Теперь он отдыхает… где-то. На следующий день после смерти он был похоронен в Вестминстерском церковном дворе в Балтиморе. Умирающего поэта подобрали на улице, как безымянного бродягу, и похоронили на следующий день в яме, как собаку. Говорят, что его могила находится рядом с могилой его деда генерала Дэвида По, который прославился в войне за независимость. Говорят, что он находится примерно там, а точно где – незнамо. Ни крест, ни надгробие не отмечают это место. Где спит Эдгар По – то никого не волнует.
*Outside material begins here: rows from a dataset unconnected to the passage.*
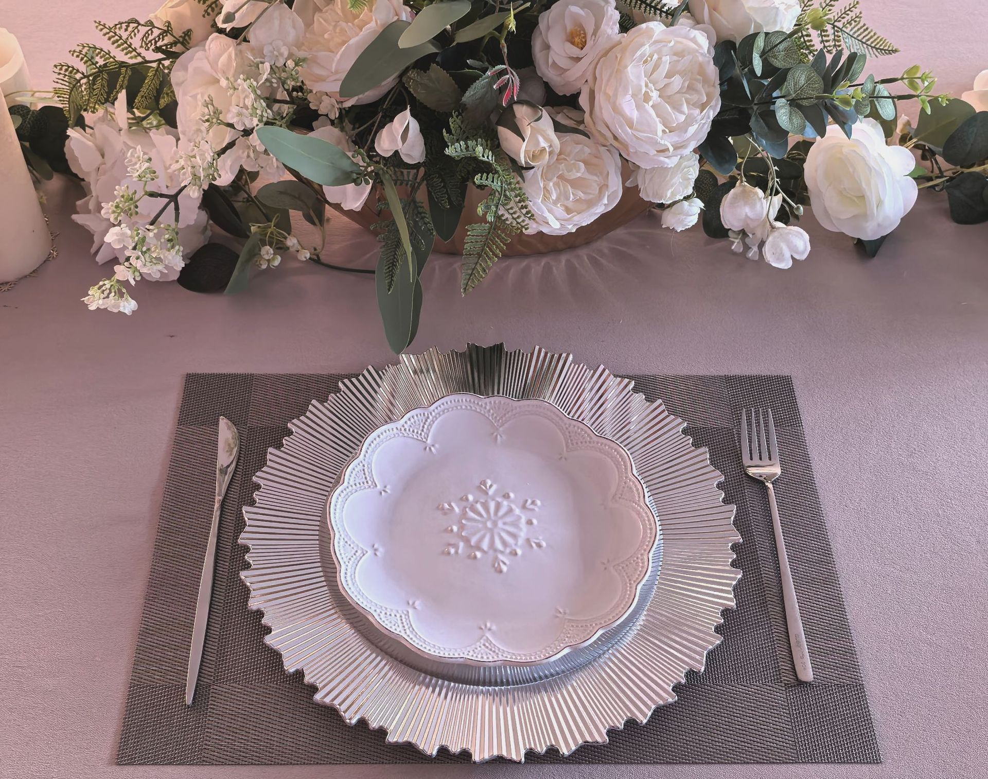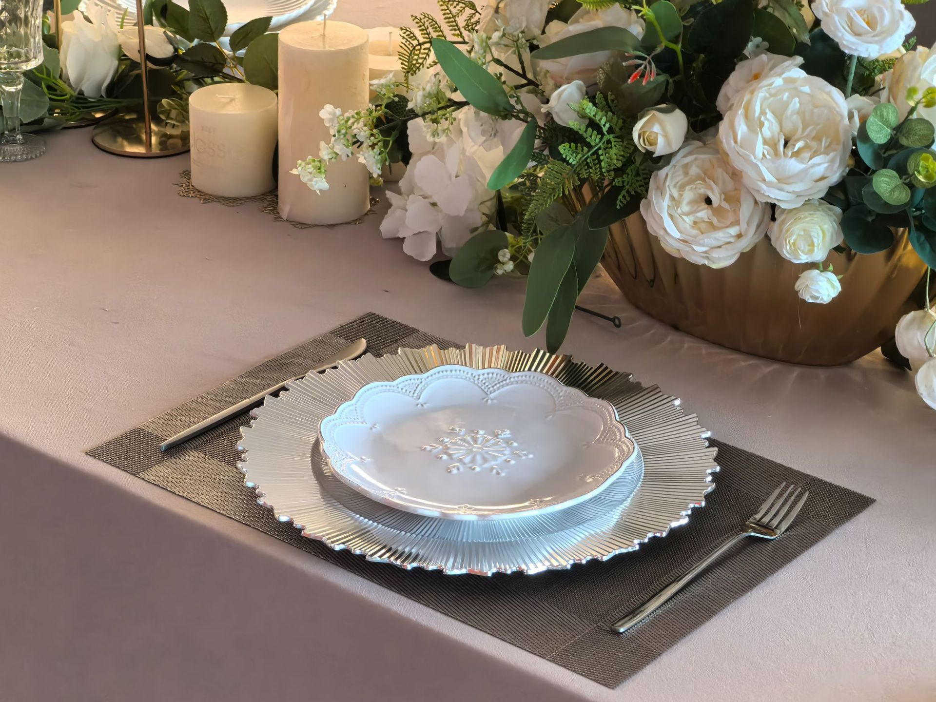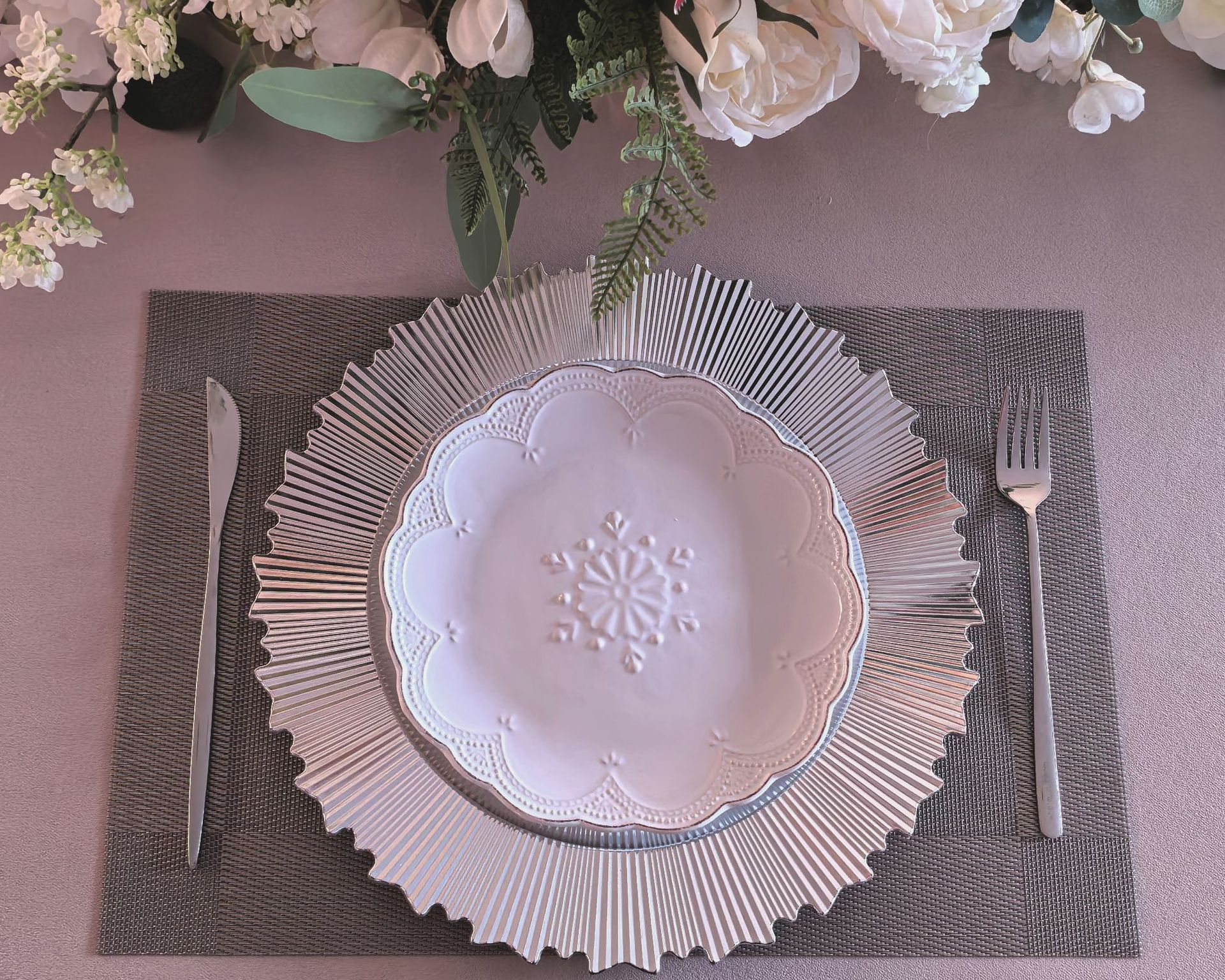 厂家外贸charger plates电镀PP塑料盘西餐厅酒店宴会餐盘
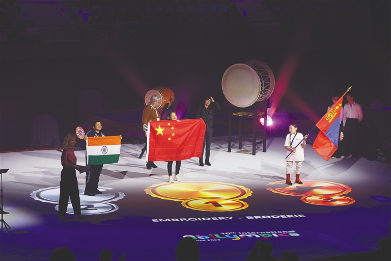 第十届国际残疾人职业技能竞赛于当地时间25日晚在法国梅斯落幕,来自中国代表团的29名选手参加了9个类别20个项目的竞赛,获得6金7银7铜的成绩。图为在刺绣比赛中夺冠的中国选手布云秀上台领奖。新华社发
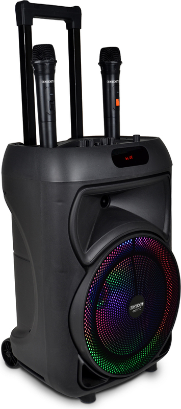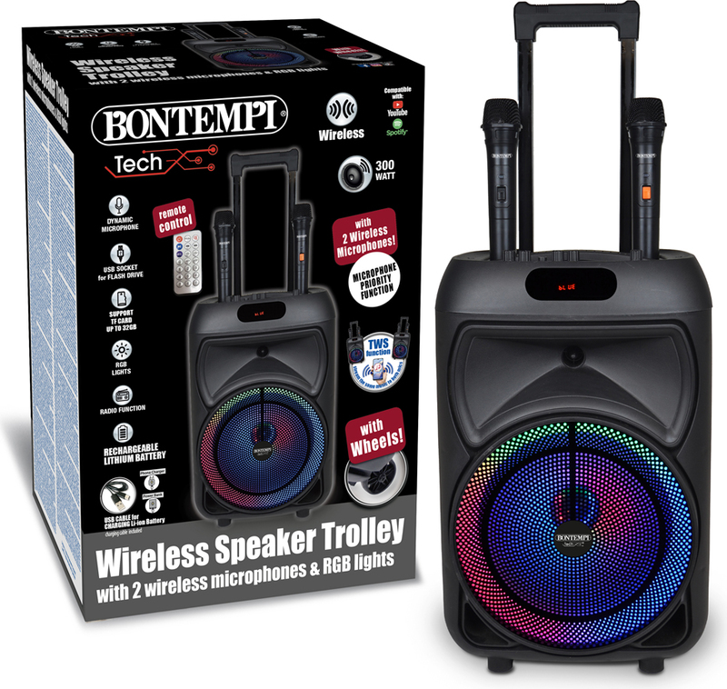 Bezdrôtový vozíkový reproduktor s 2 bezdrôtovými mikrofónmi a RGB svetlami
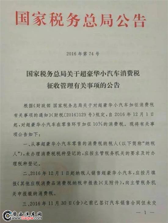 1月30日晚,財(cái)政部網(wǎng)站公布《關(guān)于對(duì)超豪華小汽車(chē)加征消費(fèi)稅有關(guān)事項(xiàng)的通知》。據(jù)國(guó)家稅務(wù)總局網(wǎng)站消息,財(cái)政部、國(guó)家稅務(wù)總局今日下發(fā)關(guān)于對(duì)超豪華小汽車(chē)加征消費(fèi)稅有關(guān)事項(xiàng)的通知。通知指出,對(duì)超豪華小汽車(chē)加征10%的消費(fèi)稅。
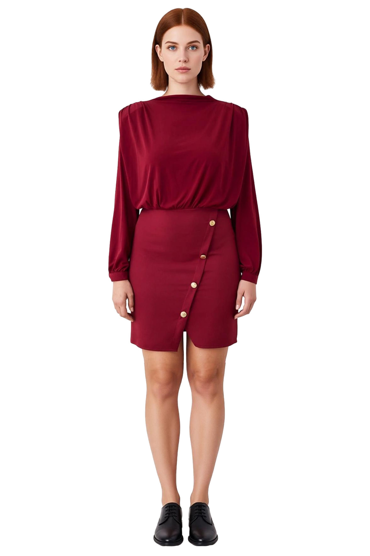 Ürün Özellikleri: A-line kalıp, polyester elastan materyal, düz desen, dik yaka, balon kol, dokuma kumaş, bordo renk, mini boy.
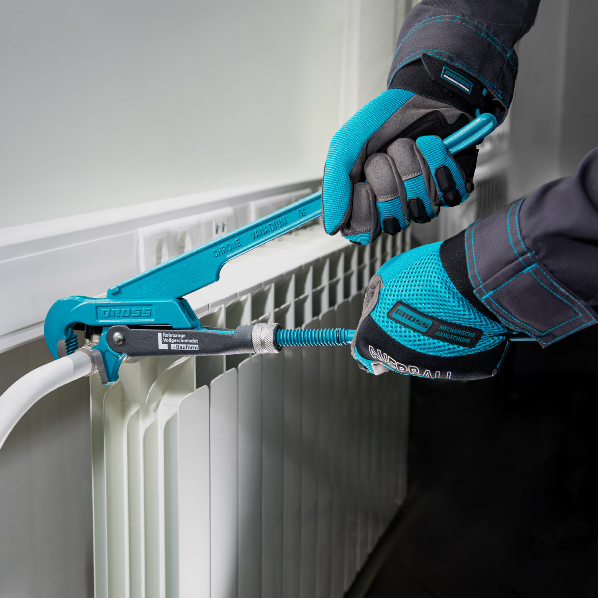 Самоблокирующий захват труб и деталей благодаря зубьям прогрессивной формы.
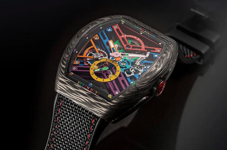 ▲FRANCK MULLER Vanguard Skeleton Color Dreams採碳纖維錶殼與七日鍊鏤空機芯,彩色時標呈現活潑又穩重氣質。
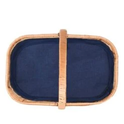 En osier naturel doublĂ© d’un tissu en coton bleu marine. Â
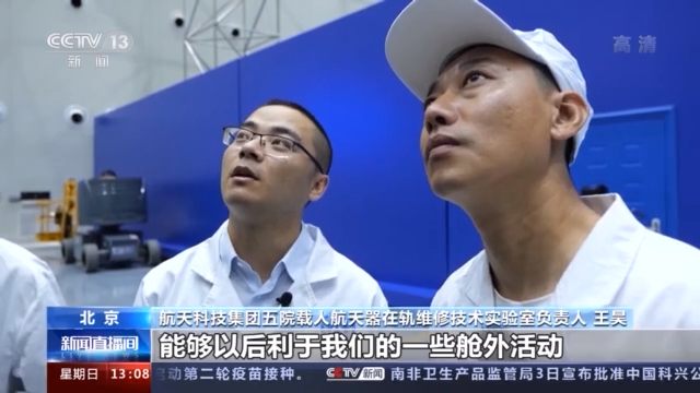 航天科技集团五院载人航天器在轨维修技术实验室负责人 王昊:出舱活动无论是国际空间站还是中国的空间站,都是在轨组装建造的一个必要技术。现在我们是舱段空间站组装建造、抬升摄像机支架,这相当于完善基础设施,后续可能大量转向空间试验方面。
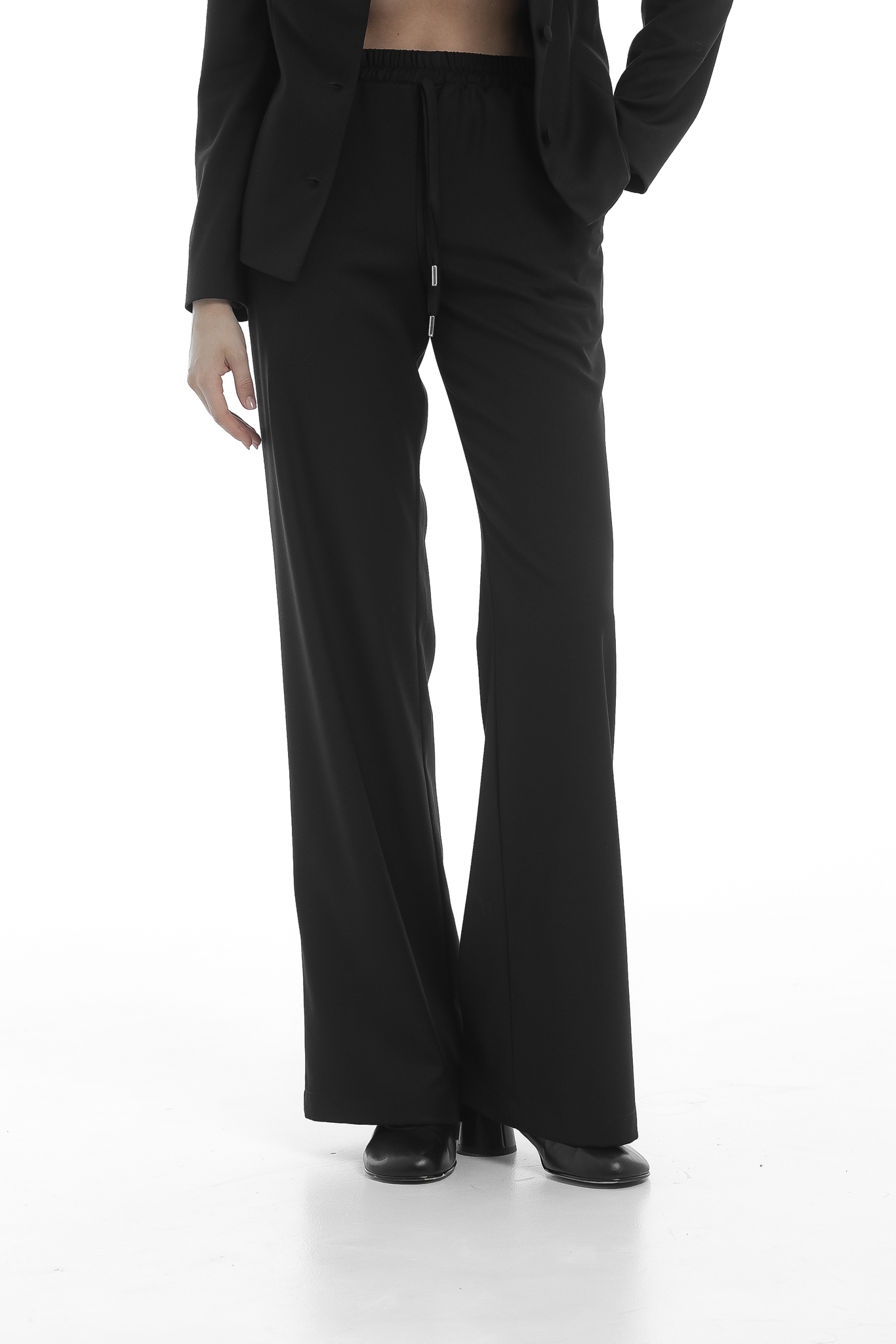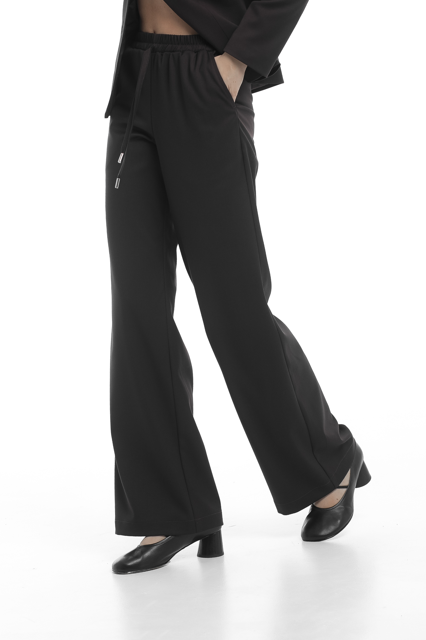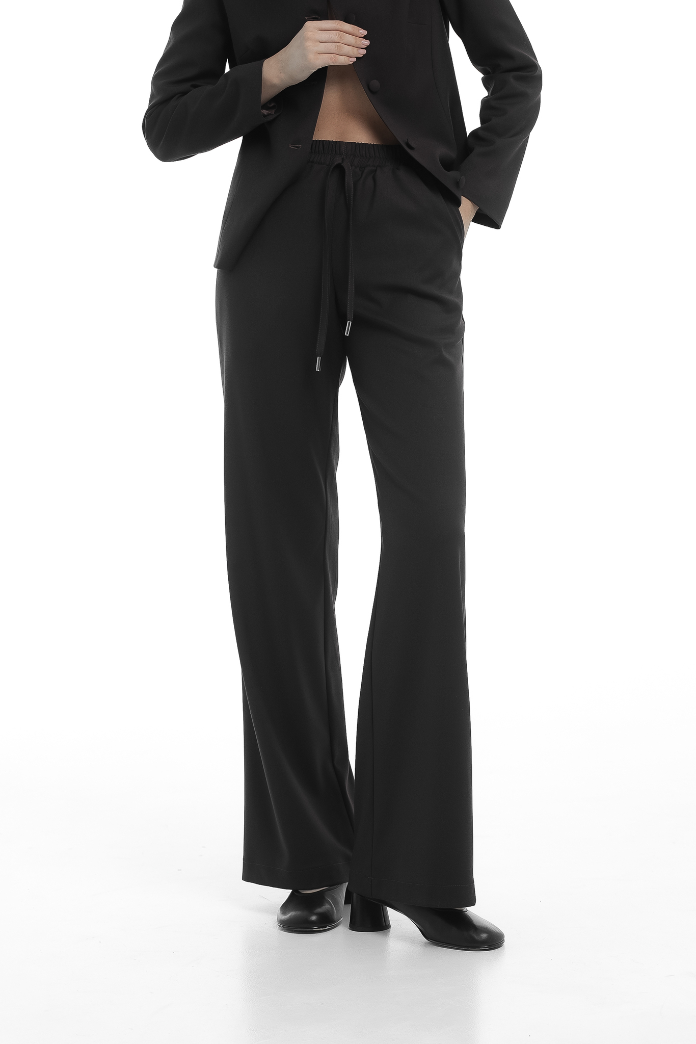 Элегантные брюки клеш из уплотненной поливискозы сделают любой образ более утонченным. Пояс на резинке позволяет легко регулировать размер на талии, а два просторных внутренних кармана добавляют функциональности.

У его соотечественников другие заботы, какое им дело до мертвого поэта!
Еще с неделю они перемывали кости несчастному покойнику, оскверняя его память, плюясь желчью. Тогда-то и придумали все небылицы, которые ходят о нем до сих пор. На мертвого льва вылили целый флакон ядовитых чернил. Все посредственности обрушились на него. Все профаны, чье убожество он обличал, повторяли вслед за лживой обезьяной Гризвольдом: «Его душа сгнила еще при жизни! Он был пьяница, и потому умер!» Потом его все забыли, и это было даже хорошо: его соотечественники просто еще не дозрели до признания гения своего великого поэта.
Интересно, лучше ли дело обстоит на сегодняшний день?
Через сто лет они соберут прах, воздвигнут на могиле достойный монумент и на нем выгравируют:

 

 

Пусть спокойно и мирно лежит этот прах, не ведая больше хаоса, – мы же и дальше будем прислушиваться к живой душе поэта, звучащей в оглашающих древнюю Альгамбру соловьиных песнях.